根據氣候變遷專門委員會(Intergovernmental Panel on Climate Change)第五次評估報告，1880-2012年間全球陸地與海洋平均氣溫上升0.85 ℃，對全球生態系造成衝擊。大量研究指出物種因氣候暖化往高緯度與高海拔移動，但整體而言，低緯度地區的相關研究缺乏，尤其，平地物種是否隨氣候暖化而往高緯度移動仍未知，熱帶低地同時面臨棲地劣化、生物多樣性快速喪失，亟需了解物種對氣候暖化的反應能力。本研究於2013-2014年重複特有生物保育中心在1993-1998年進行之台灣中部地區蝶類普查，以相同的時間、調查方式，比較樣區在20年間各種蝶類物種分佈重心改變與物種數變化。調查結果顯示台灣中部蝶類分佈重心整體向北移動 10.4 km ( N = 35, t = 3.7, p < 0.001) 與暖化造成的等溫線位移(9.4-12.9 km )相比，顯示蝶類分布的移動能跟上暖化速度。分析其中39種蝶類，有92 % 顯示該物種會朝著合適的氣候棲位移動，說明分布移動主要為反應氣候變遷的結果。本研究中利用物種歷史分佈、體型大小、食性進行物種分佈相關性分析，但仍未找出與台灣中部山區蝶類分布變化相關之因子。二十年來台灣中部山區溫度略有下降，物種數沿海拔梯度分佈由峰型分布變為線性遞減。

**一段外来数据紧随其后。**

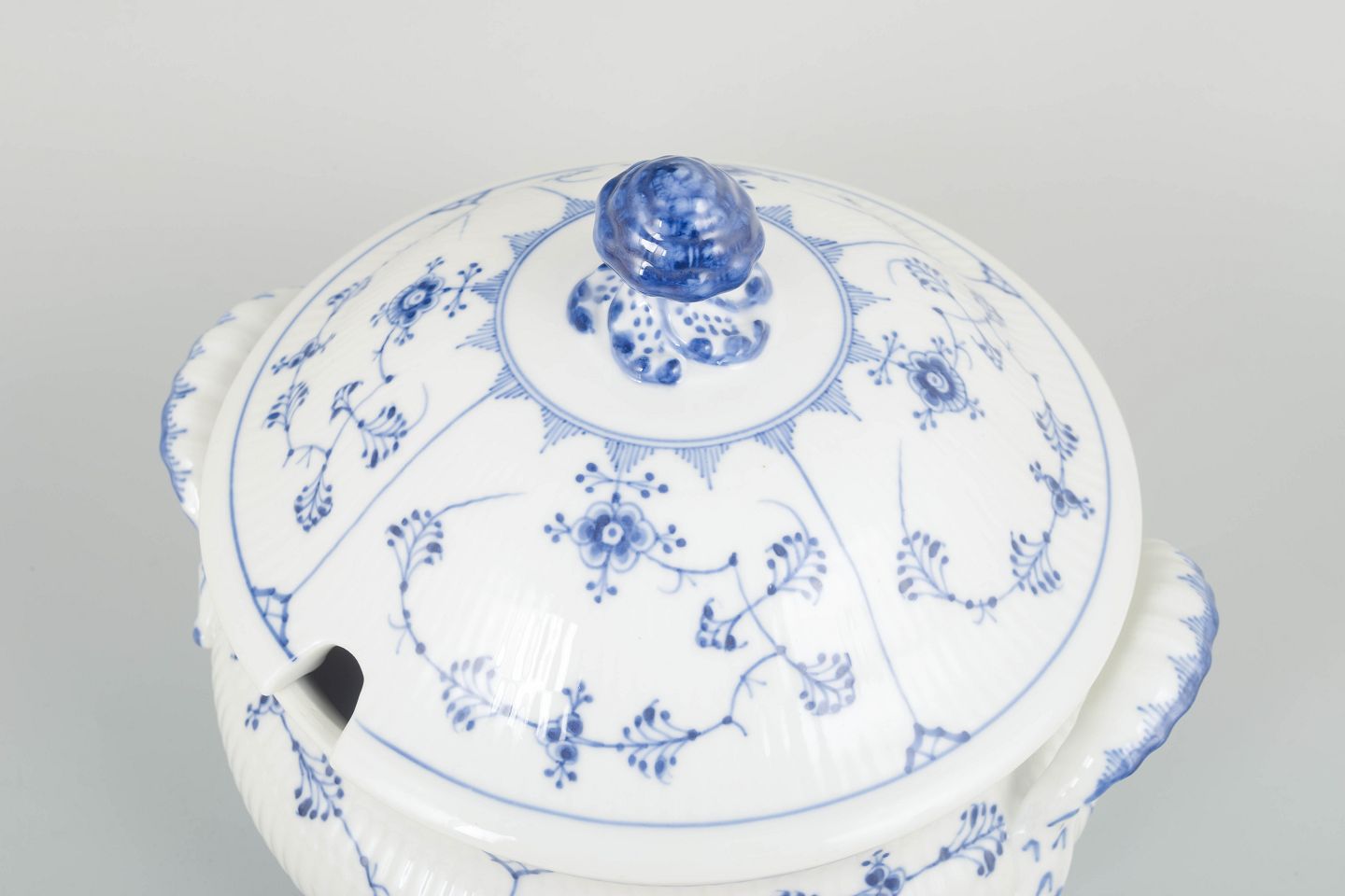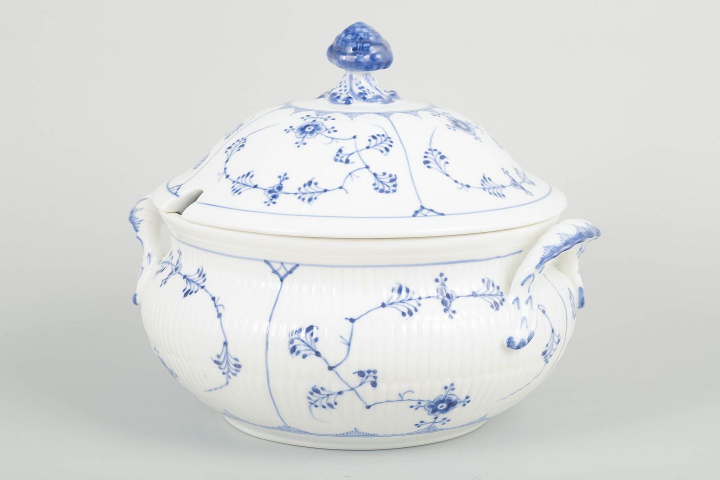 “Blue Fluted Plain” was introduced in 1775 and remains Royal Copenhagen’s most iconic pattern. Large serving pieces from early production, such as this soup tureen, are especially sought after for their craftsmanship, scale, and decorative impact.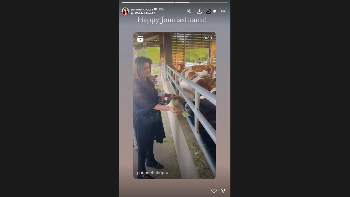 Now, Parineeti has again shared the video on her Stories section and wrote: "Happy Janmashtami".

According to IPCC AR5, global temperature has increased 0.85°C from 1880 to 2012. Increasing temperature has forced species shifting to higher latitude or higher elevation in search of cooler climate. However, such evidence has been lacking for tropical lowlands. Here we report the first warming induced species range shifts in the subtropical area. We identified a qualified historical butterfly survey conducted by Endemic Species Research Institute (ESRI) in central Taiwan (23°N-25°N) from 1993 to 1998. We resurveyed 26 sites, using the same field protocol and with the help of the original researchers. We found that the centroids of butterfly distributions have shifted to higher latitude by 10.9 km for the past two decades, in responding to 0.18°C warming during this period. Ninety–two percent of the species have followed their climate niche. Idiosyncratic species responses were found but none of following biological traits - historical distribution, body size or larval host plant specificity explained the variation. Furthermore, species richness pattern along elevation changed from hump-shape to linear decline with elevation.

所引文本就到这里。